Exactly as they appear below, repeat the lines from the one with "Women onion embriodery" through the one with "Sukcesem może pochwalić". Drop every picture.
[[ INPUT DATA, beginning ]]
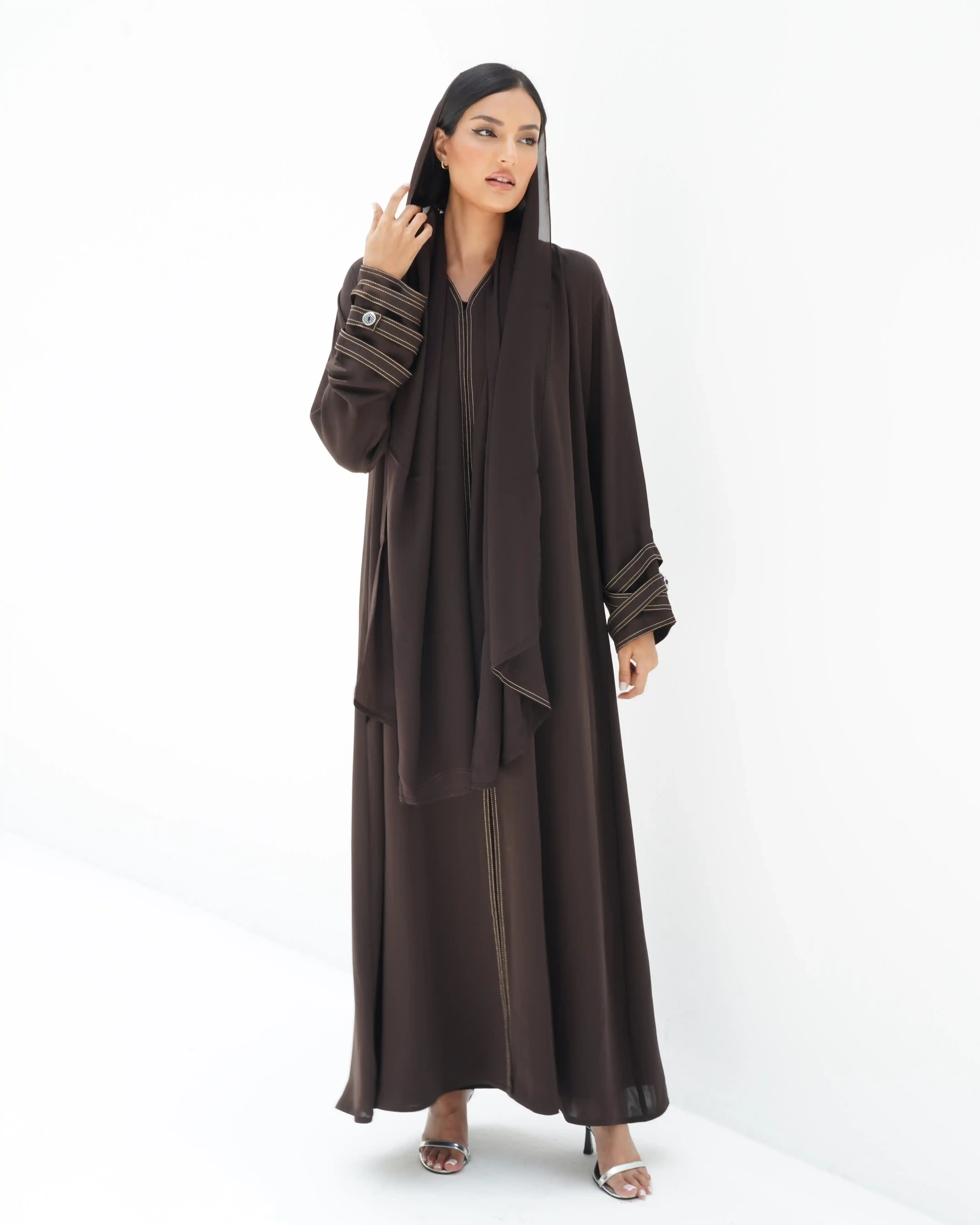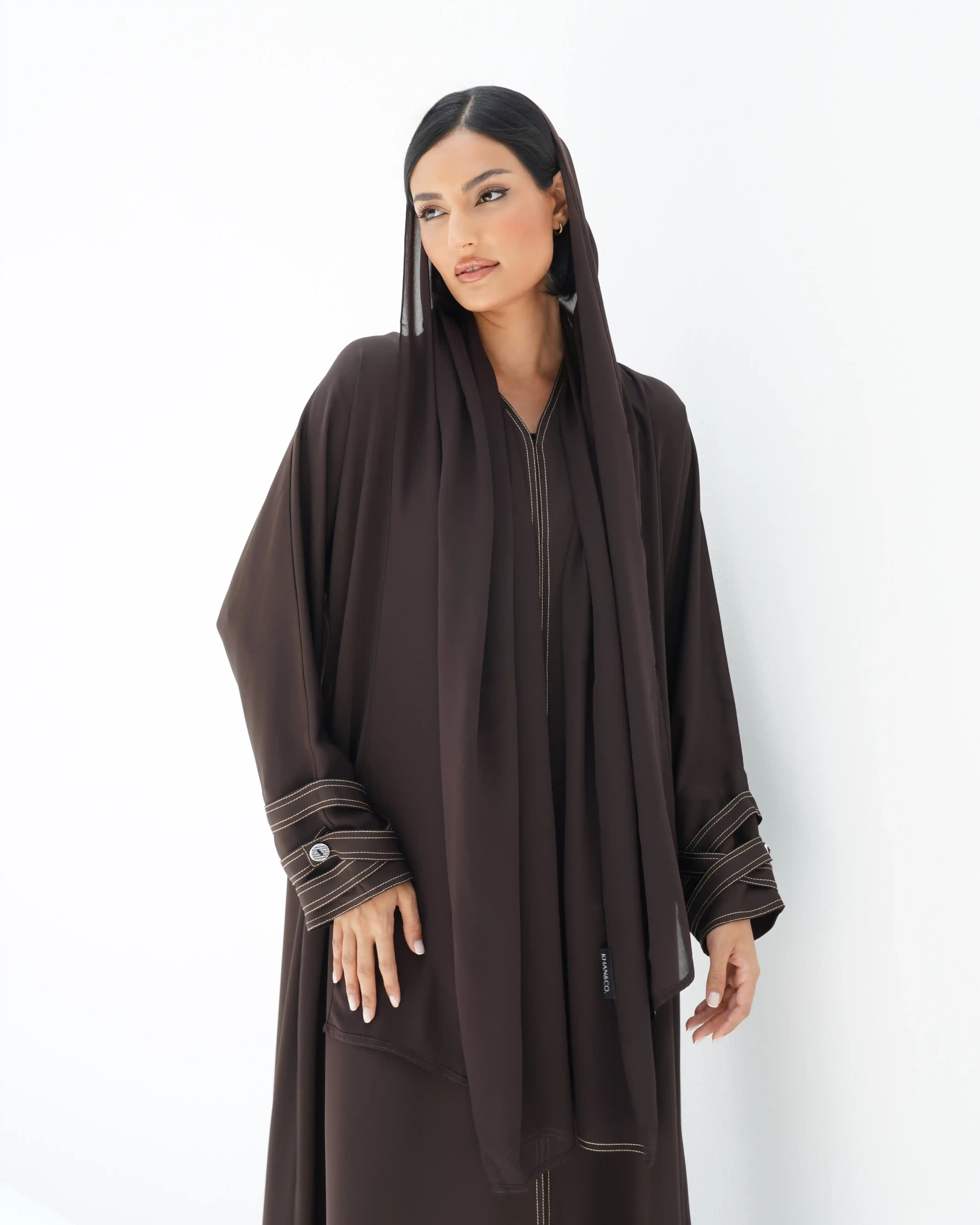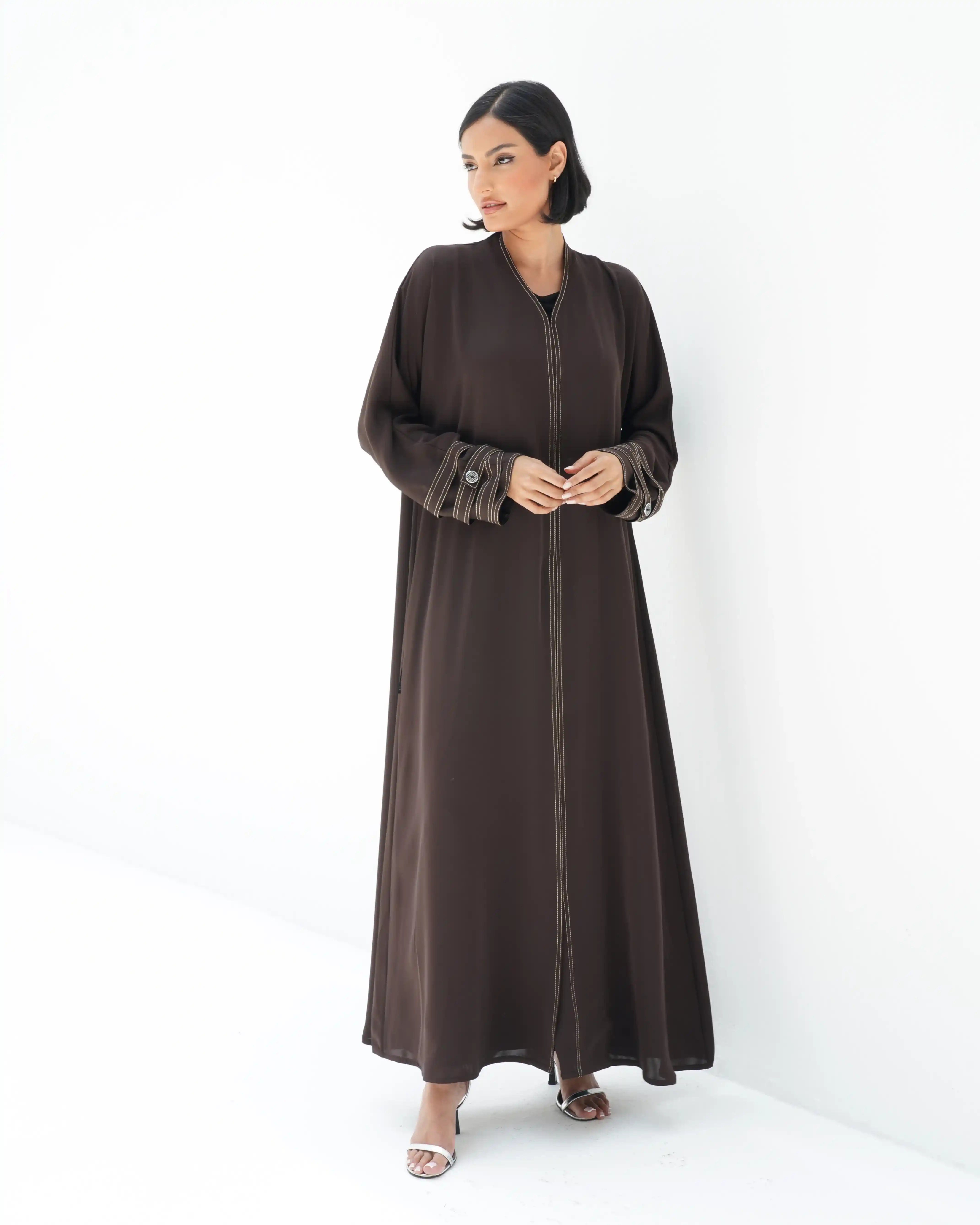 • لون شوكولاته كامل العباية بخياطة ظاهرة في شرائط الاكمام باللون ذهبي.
[[ INPUT DATA, end ]]
[[ INPUT DATA, beginning ]]
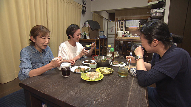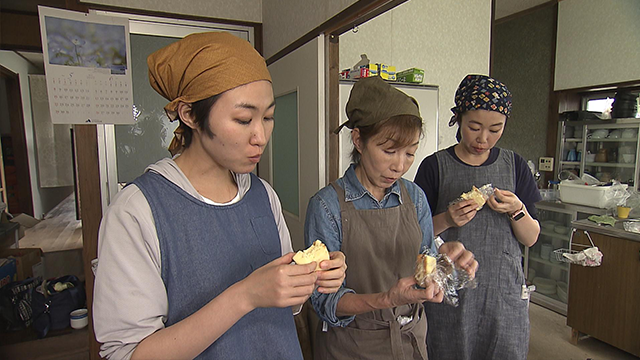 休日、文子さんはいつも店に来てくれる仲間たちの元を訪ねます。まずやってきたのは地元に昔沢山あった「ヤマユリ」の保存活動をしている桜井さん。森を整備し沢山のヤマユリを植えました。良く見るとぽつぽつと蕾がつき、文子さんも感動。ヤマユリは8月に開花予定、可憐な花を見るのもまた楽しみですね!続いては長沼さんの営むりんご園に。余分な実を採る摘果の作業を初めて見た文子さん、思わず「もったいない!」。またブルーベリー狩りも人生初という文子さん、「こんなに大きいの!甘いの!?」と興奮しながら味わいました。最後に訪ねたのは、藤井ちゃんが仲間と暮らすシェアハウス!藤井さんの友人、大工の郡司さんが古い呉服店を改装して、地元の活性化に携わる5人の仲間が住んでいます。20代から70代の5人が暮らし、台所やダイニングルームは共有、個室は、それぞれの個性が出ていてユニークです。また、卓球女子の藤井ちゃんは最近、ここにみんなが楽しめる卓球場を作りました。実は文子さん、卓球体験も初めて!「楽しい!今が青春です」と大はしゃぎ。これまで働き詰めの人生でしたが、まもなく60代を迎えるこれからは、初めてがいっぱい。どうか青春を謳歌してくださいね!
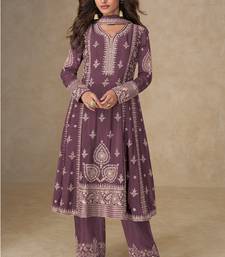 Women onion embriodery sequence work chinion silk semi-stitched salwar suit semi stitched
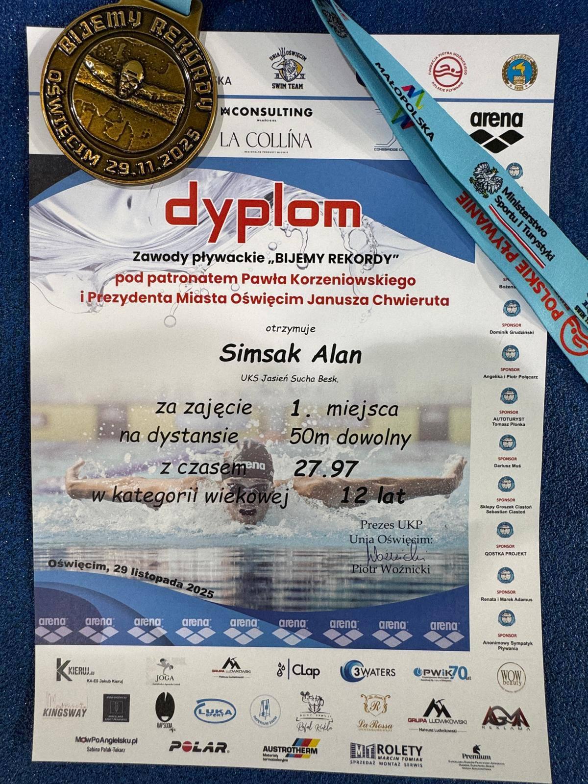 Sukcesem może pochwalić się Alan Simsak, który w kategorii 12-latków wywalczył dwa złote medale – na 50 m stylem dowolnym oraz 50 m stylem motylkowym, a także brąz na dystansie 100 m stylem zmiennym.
[[ INPUT DATA, end ]]
_WRITTEN ANSWER_:
 Women onion embriodery sequence work chinion silk semi-stitched salwar suit semi stitched
 Sukcesem może pochwalić się Alan Simsak, który w kategorii 12-latków wywalczył dwa złote medale – na 50 m stylem dowolnym oraz 50 m stylem motylkowym, a także brąz na dystansie 100 m stylem zmiennym.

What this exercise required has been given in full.